▶ WORK ITEM
When you reach the line with "modern industrial charm" in the listing below, transcribe it and each line after it up to and including the line with "The inner formula, Sum(Revenue), calculates", exactly and with nothing else.

▶ EXTRACTED INFORMATION
== Segment start ==

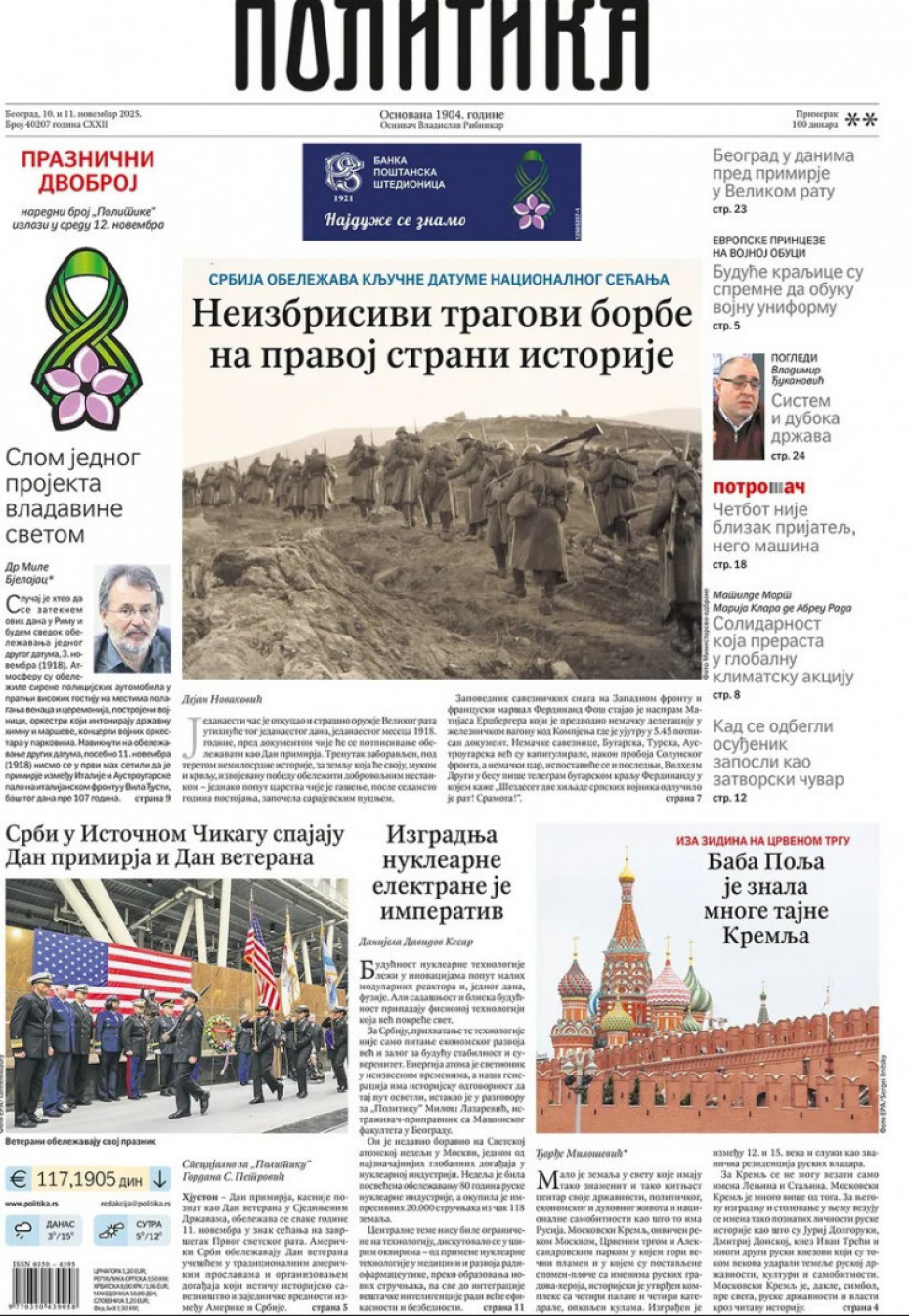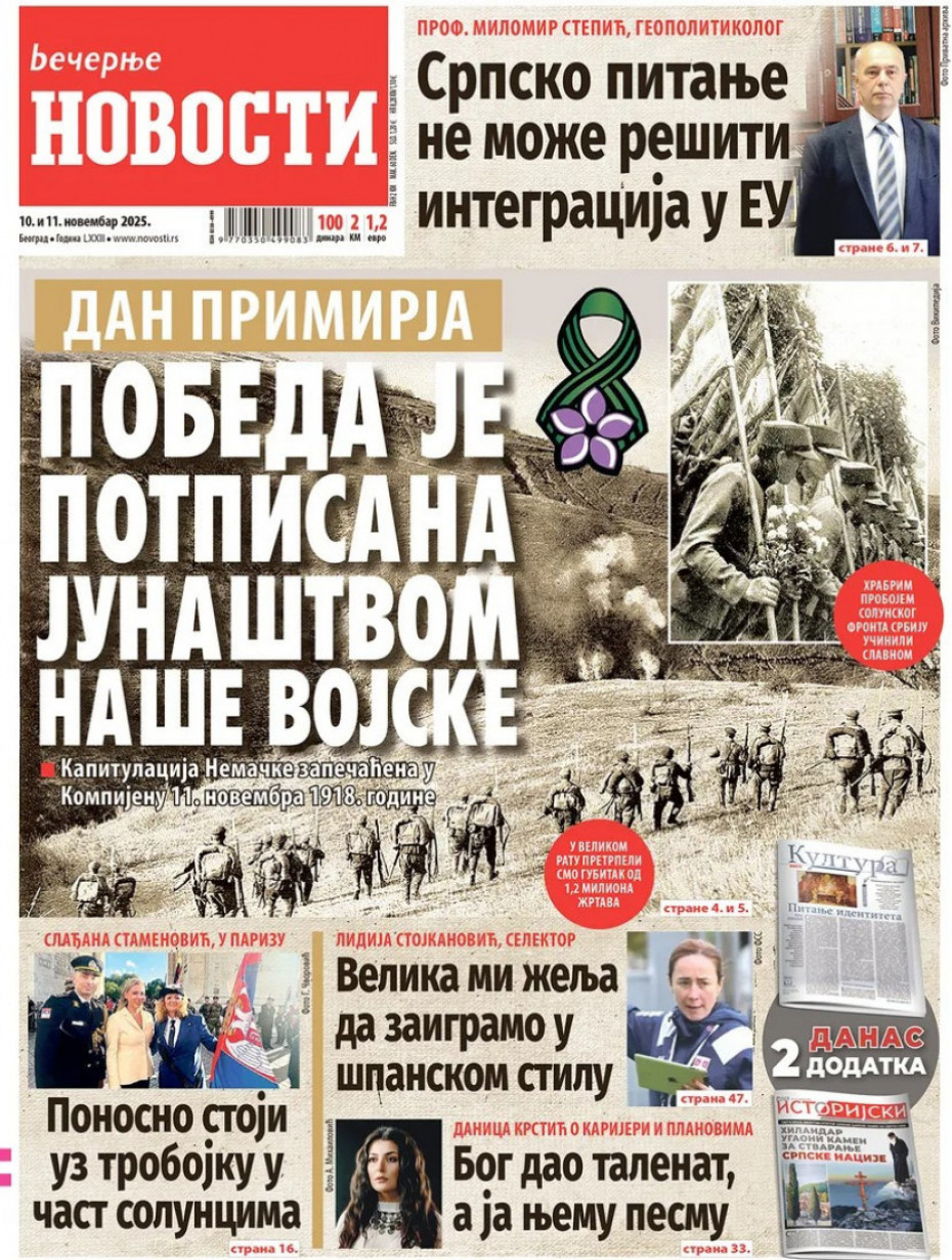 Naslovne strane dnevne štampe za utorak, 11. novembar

== Segment end ==
== Segment start ==

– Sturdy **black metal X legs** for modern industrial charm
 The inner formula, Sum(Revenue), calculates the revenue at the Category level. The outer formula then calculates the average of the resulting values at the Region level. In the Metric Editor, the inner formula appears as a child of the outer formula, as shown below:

== Segment end ==

▶ SOLUTION TO THIS PROBLEM
– Sturdy **black metal X legs** for modern industrial charm
 The inner formula, Sum(Revenue), calculates the revenue at the Category level. The outer formula then calculates the average of the resulting values at the Region level. In the Metric Editor, the inner formula appears as a child of the outer formula, as shown below:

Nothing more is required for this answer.